Print the lines below word for word, beginning with the first and ending with the line that holds "熊继萍老师的讲座以《半亩方塘", and skip every picture.

* _Given information_:
·····
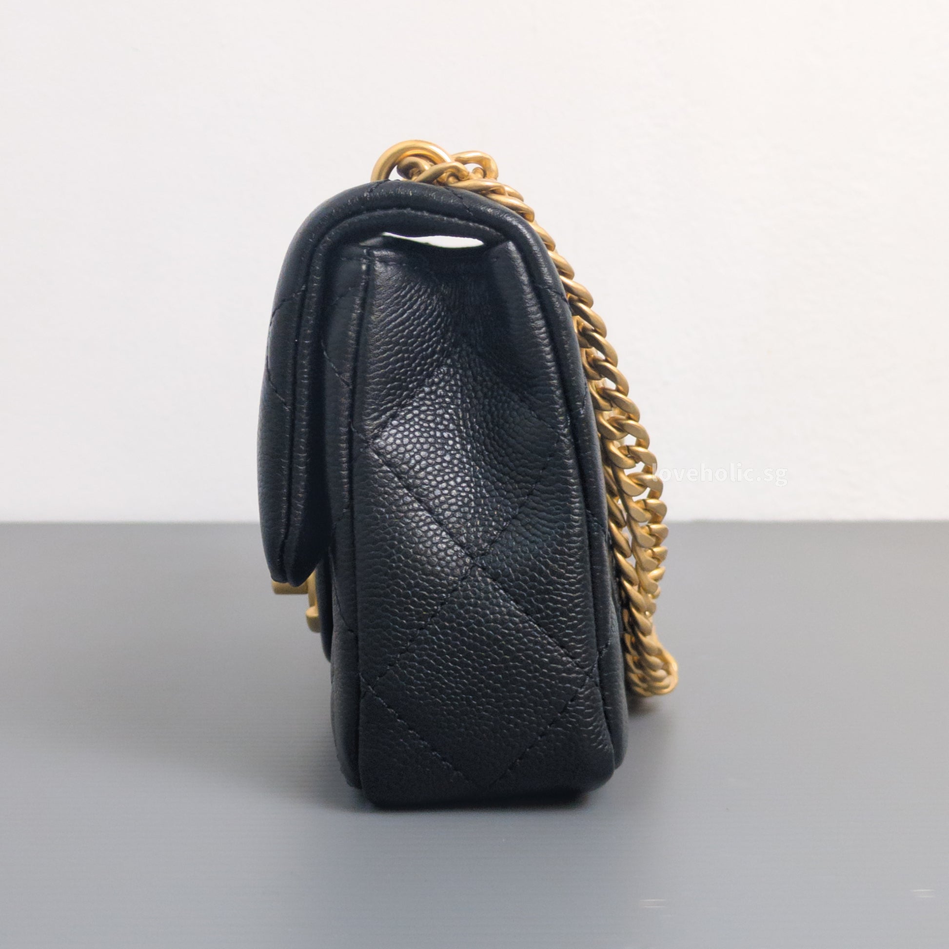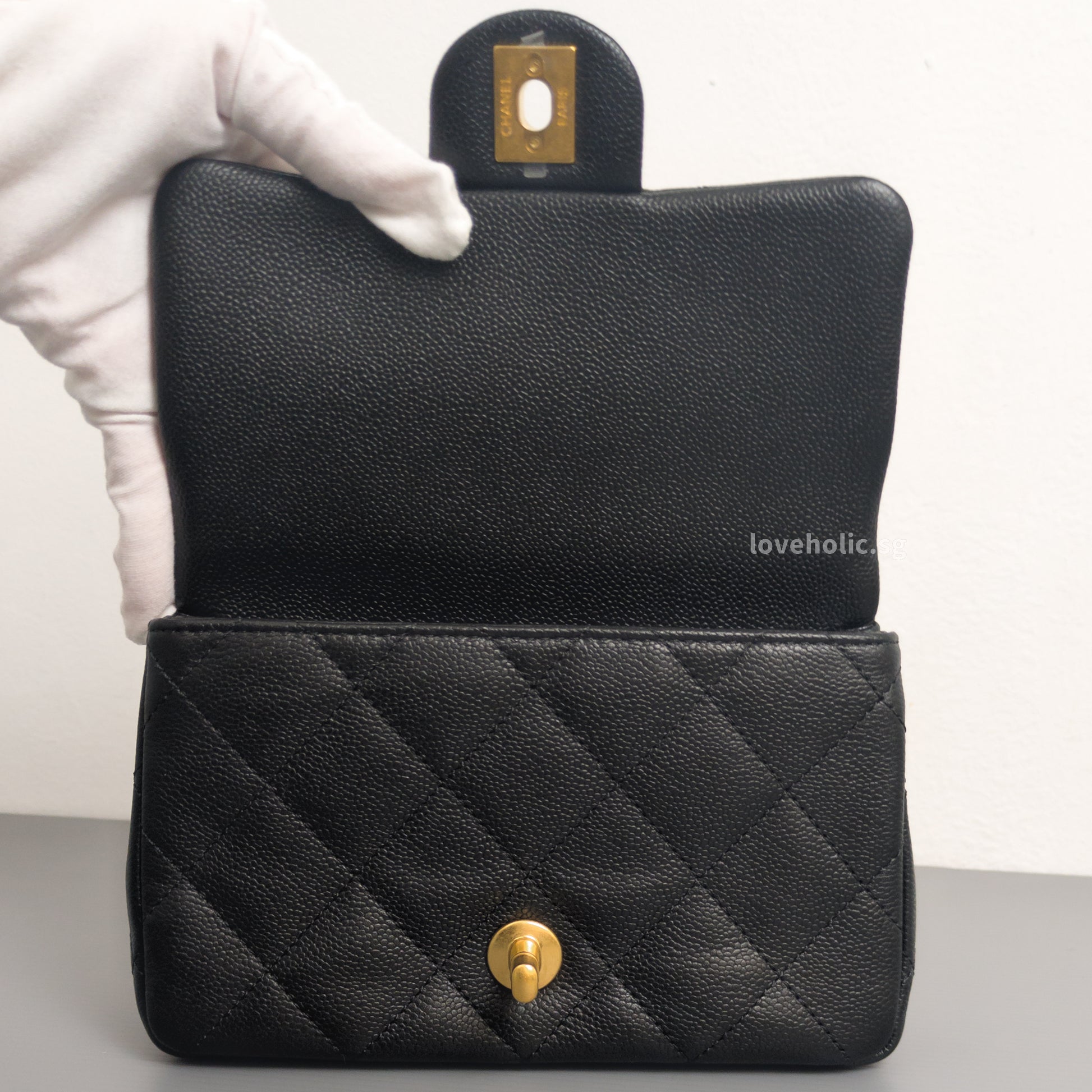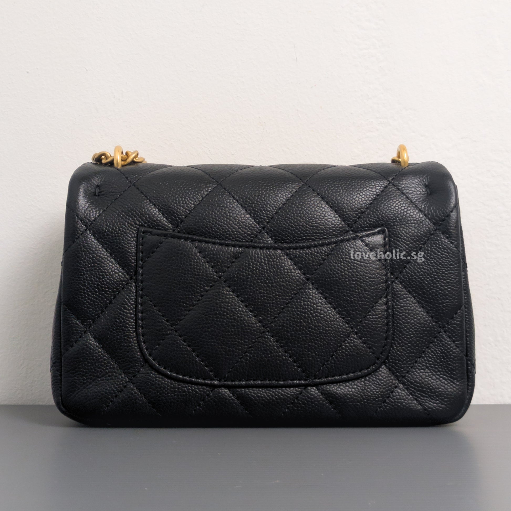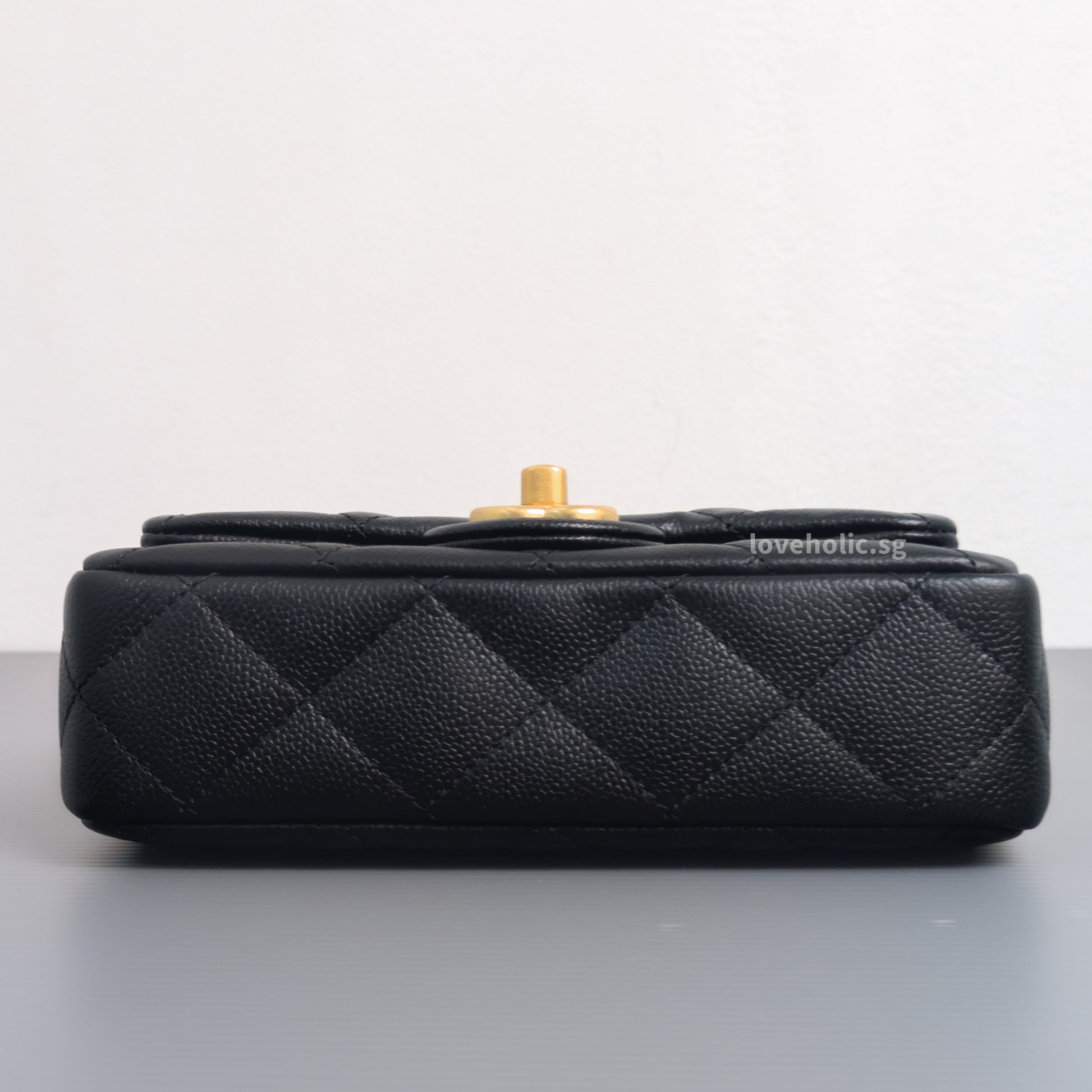 Square Flap Mini 23P Heart Crush | Black Caviar Brushed Gold Hardware
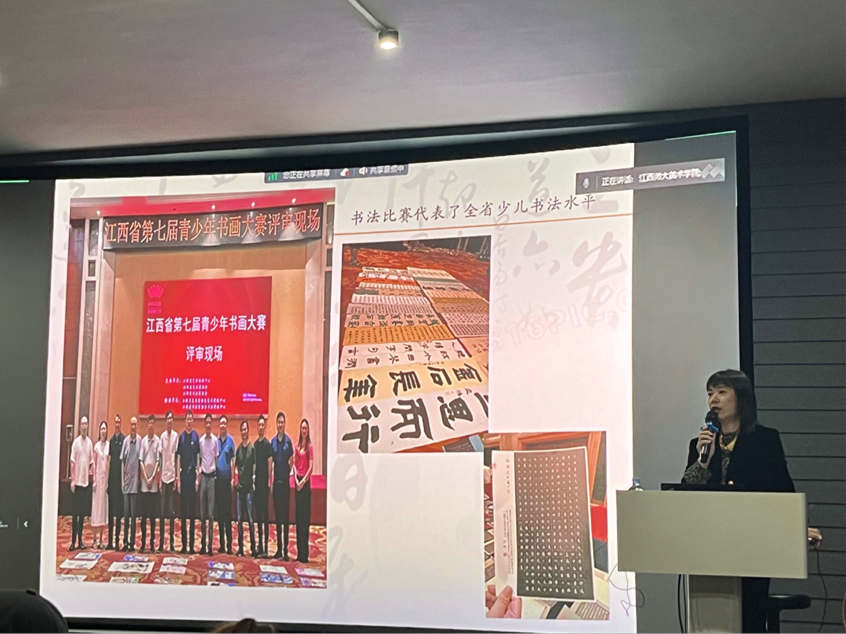 熊继萍老师的讲座以《半亩方塘写春秋——中小学书法教学那点事》为主题,从“就事论事、分内之事、事在人为、便宜行事和终身大事”等五个方面来探讨中小学的书法教学。在“就事论事”方面,熊老师站在同学们的立场,对中小学书法教学存在的一些疑问展开说明,激发了师生们好奇心;对于“份内之事”,熊老师提出,作为中小学教师的基本功要扎实,三笔字(硬笔、软笔、粉笔)要会写,会教,要和学生一样不断学习、不断进步;关于“事在人为”,熊老师选取了周围非常优秀的书法教育工作者,对他们的事迹进行分享,如“热爱书法的好校长郭鹏”。谈及“便宜行事”,熊老师告诉我们中小学兴趣班硬笔容易出效果,高中培养学生的软笔能丰富生活、培养学生的兴趣爱好。对于“终身大事”,熊老师认为“一事做十年就是专家,执笔定终身就是一种幸福!”最后,熊老师引用朱熹的《观书有感》鼓励大家。
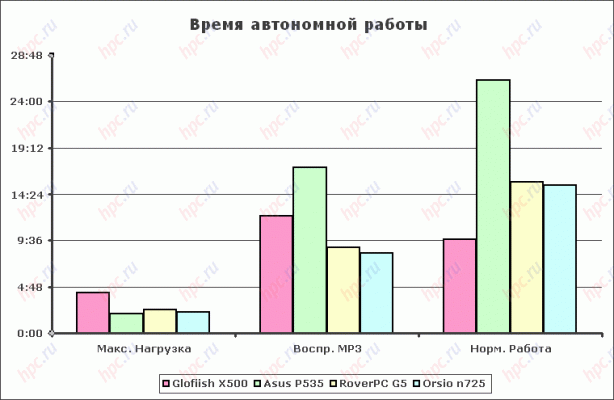 Время автономной работыВ активе у RoverPC G5 - довольно емкая батарея на 1530 мАч. Давайте посмотрим, сколько она продержится в наших стандартных тестах. 1. Режим максимальной нагрузки. Яркость подсветки выставлена на максимум, громкость динамика - тоже, включен Wi-Fi в режиме поиска сети и Bluetooth, через Windows Media Player в цикле воспроизводится "тяжелый" видеоролик. Время автономной работы в этом режиме составило – 2 часа 25 минут. 2. Нормальная работа. Все беспроводные модули отключены. Яркость подсветки установлена на второе по счету деление (т.е. средний уровень). На коммуникаторе была запущено чтение текста в программе Haali Reader с автоматической прокруткой. Время работы составило – 15 часов 40 минут. 3. Воспроизведение МР3. Wi-Fi, Bluetooth и экран выключены. Прослушивание через наушники на максимальной громкости. Использовался Pocket Media Player и файлы с битрейтом 192 Кб/c. Время работы – 8 часов 50 минут. RoverPC G5, на мой взгляд, показал оптимальные результаты, учитывая установленный в нем высокопроизводительный процессор. Особенно долго аппарат продержался в режиме чтения. Правда, до лидера Asus P535 ему все же далековато, как и большинству коммуникаторов.
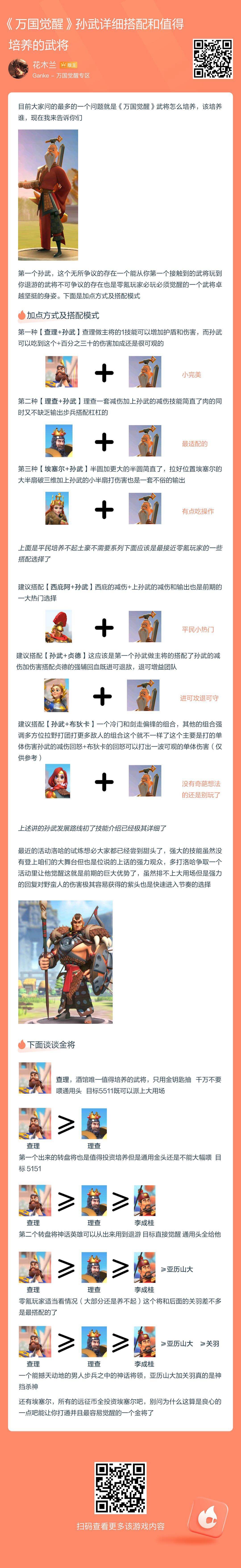 【必读】《万国觉醒》孙武搭配及推荐培养的武将!
·····
* _Output below_:
 Square Flap Mini 23P Heart Crush | Black Caviar Brushed Gold Hardware
 熊继萍老师的讲座以《半亩方塘写春秋——中小学书法教学那点事》为主题,从“就事论事、分内之事、事在人为、便宜行事和终身大事”等五个方面来探讨中小学的书法教学。在“就事论事”方面,熊老师站在同学们的立场,对中小学书法教学存在的一些疑问展开说明,激发了师生们好奇心;对于“份内之事”,熊老师提出,作为中小学教师的基本功要扎实,三笔字(硬笔、软笔、粉笔)要会写,会教,要和学生一样不断学习、不断进步;关于“事在人为”,熊老师选取了周围非常优秀的书法教育工作者,对他们的事迹进行分享,如“热爱书法的好校长郭鹏”。谈及“便宜行事”,熊老师告诉我们中小学兴趣班硬笔容易出效果,高中培养学生的软笔能丰富生活、培养学生的兴趣爱好。对于“终身大事”,熊老师认为“一事做十年就是专家,执笔定终身就是一种幸福!”最后,熊老师引用朱熹的《观书有感》鼓励大家。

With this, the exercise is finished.